2014-04-24 Thread Andrew Piskorski
For many years, when my R process starts up I've been automatically
setting my preferred default plot colors, basically like so:

  my.colors <-
 c("black" ,"red" ,"gold" ,"sky blue" ,"green" ,"blue" ,"orange"
   ,"grey" ,"hot pink" ,"brown" ,"sea green" ,"cyan" ,"purple" ,"tomato1")
  require("grDevices")
  palette(my.colors)

That seemed to work reliably in all 2.x versions of R, regardless of
whether my R was interactive or not, or if my Linux, ssh, and screen
environment had X-Windows properly set up or not.  It Just Worked.

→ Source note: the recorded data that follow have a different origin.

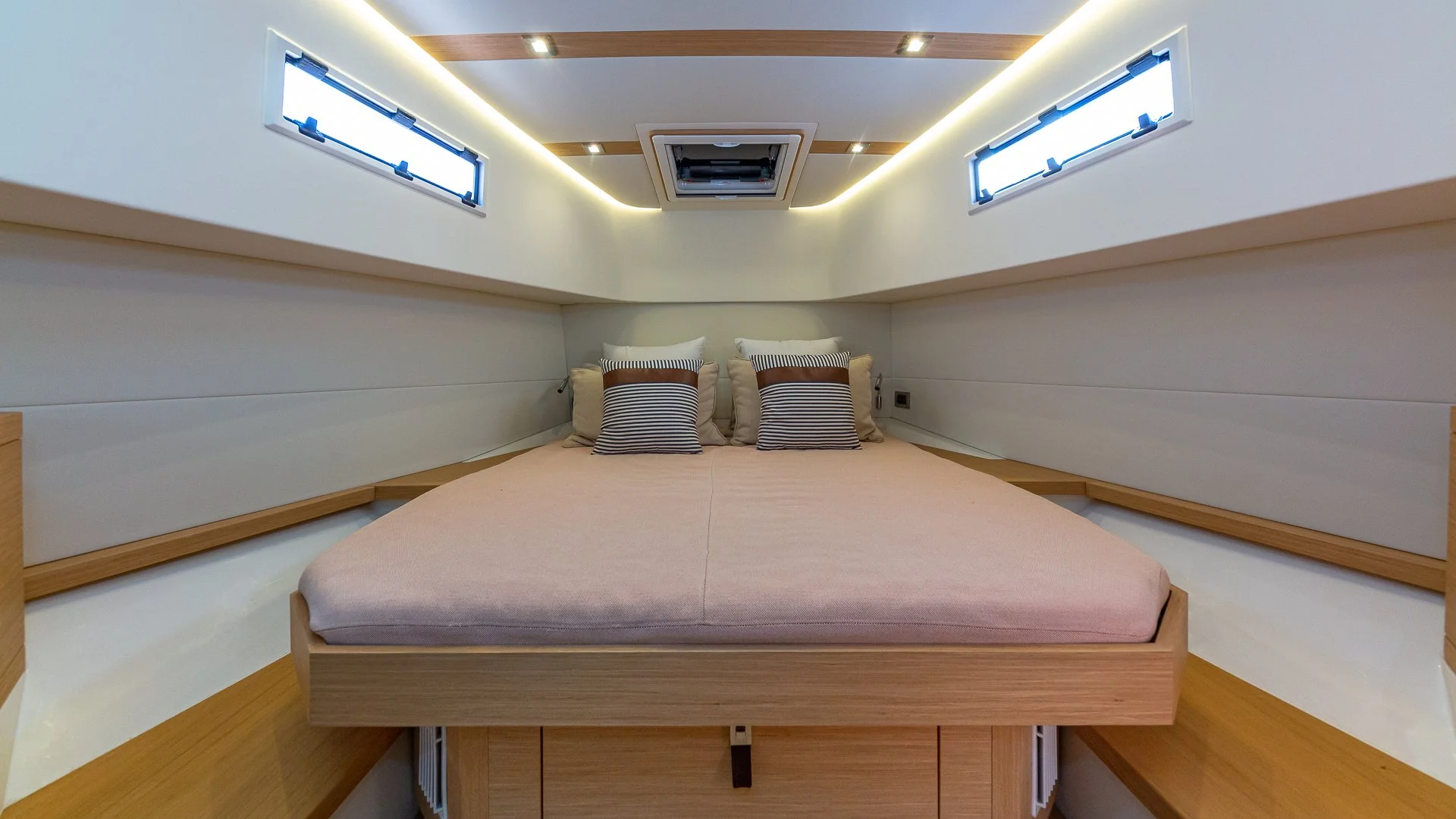 Luxurious lounging spaces at both the bow and stern accommodate up to six guests comfortably, with a sunbathing area for three. The Pardo 38 stands out with its spacious, well-lit interior, generous heights, and excellent natural ventilation, creating an unmatched spatial distribution for a 38-footer.
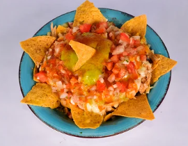 Nachos, frijol negro, queso mozzarella, salsa chipotle, pico de gallo, guacamole, pollo y carne.
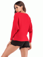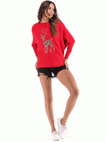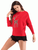 Red Oversize Deer Pattern Crew Neck Knitted Sweater
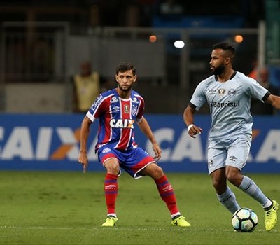 O primeiro tempo foi equilibrado e sem chances claras de gol. O Bahia foi quem iniciou melhor, pressionando nos minutos iniciais e obrigando Paulo Victor a fazer boas defesas. Aos poucos os gremistas trabalharam melhor a bola e conseguiram impor um pouco mais o seu ritmo.
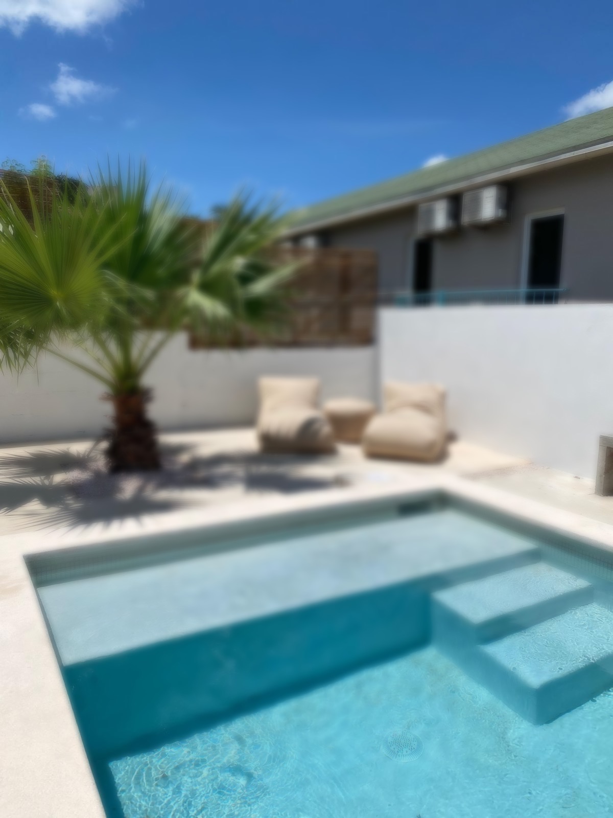Je rijdt door een automatische hek naar het appartement waar voldoende plek is om je auto te kunnen parkeren. Via de gemeenschappelijke, tropische tuin met een gedeeld zwembad, kom je bij jullie grote Porch.
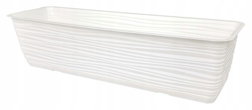 Поверхня коробки опукла - вона нагадує хвилі, створюючи 3D-ефект, який чудово відбиває світло. Осяяний сонячними променями, він точно не залишиться непоміченим. Верх цього балконного горщика оточений бортиком, який запобігає забрудненню горщика під час посадки рослин або поливу. Підставка ідеально з'єднується з горщиком за допомогою засувок. Додатково в ньому є спеціальні пази, в які розміщуються тримачі рейлінгів. У горщику є отвори для стоку води.
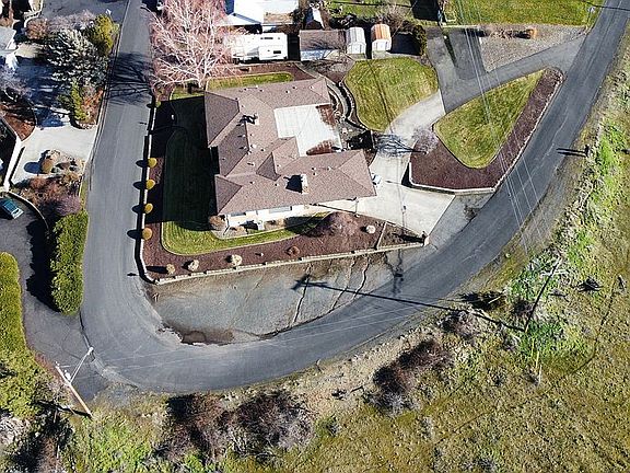 Large lot with room for shop and large circular driveway with lots of parking. Separate driveway with RV hookups and a beautiful view of the valley.
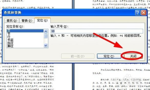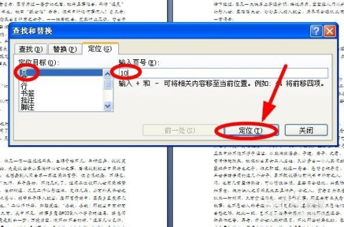 今天我们要利用的是“定位”选项卡。在“定位方针”中选择“页”,“输入页号”下面输入“10”后,单击“定位”
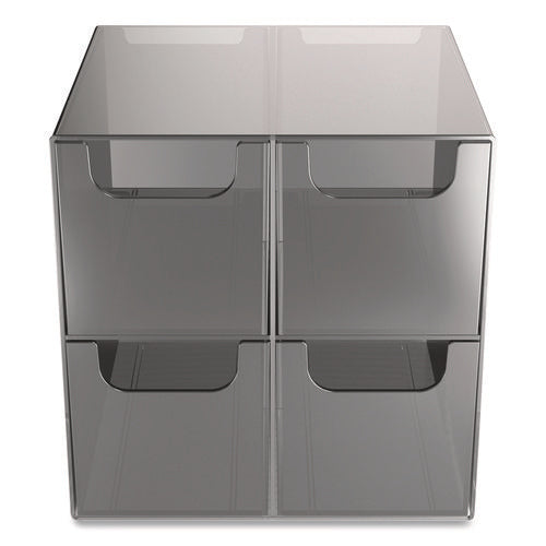 Plastic Cube Desktop Organizer, 4 Compartments, 6 x 6 x 6, Smoke-(TUD24418569)
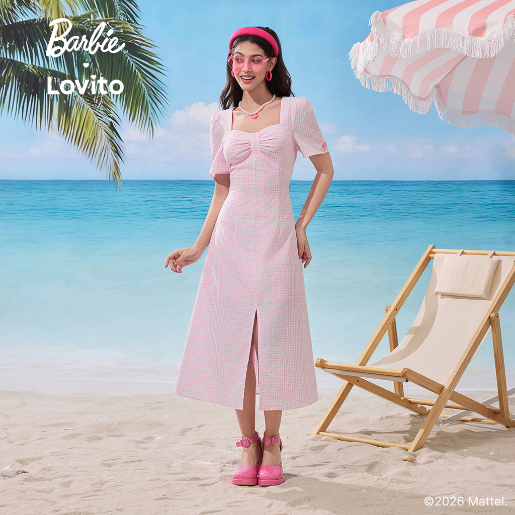 Barbie™ X Lovito Vestido Casual Colorblock Dividido Frente Primavera/verão para Mulheres LB1AD043
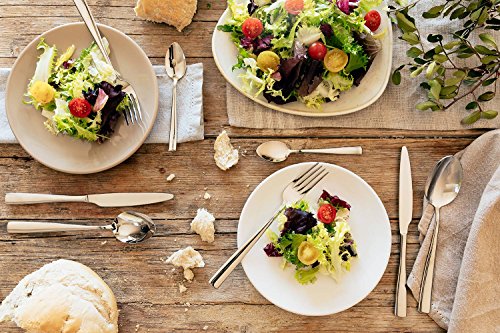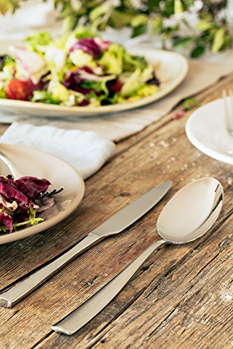 - Set de 42 piezas: contiene seis cucharas, tenedores y cuchillos de mesa además de seis cucharas de café, seis tenedores de tartas, seis cucharillas de moka y seis cuchillos de fruta
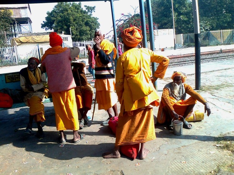 खागा स्टेशन पर घुमन्तू साधू लोग।

However, now in R 3.1.0 Patched (2014-04-15 r65398, on Linux),
depending on whether I have a good X-Windows connection or not it can
fail like so:

  Error in .External2(C_X11, d$display, d$width, d$height, d$pointsize,  :  
unable to start device X11 

Simply wrapping the palette() call in try() of course helps keep that
error from breaking the rest of my R start up.  However, occasionally
the call to palette() will hang for perhaps a minute, unexpectedly
locking up my R process until it finishes whatever it was doing.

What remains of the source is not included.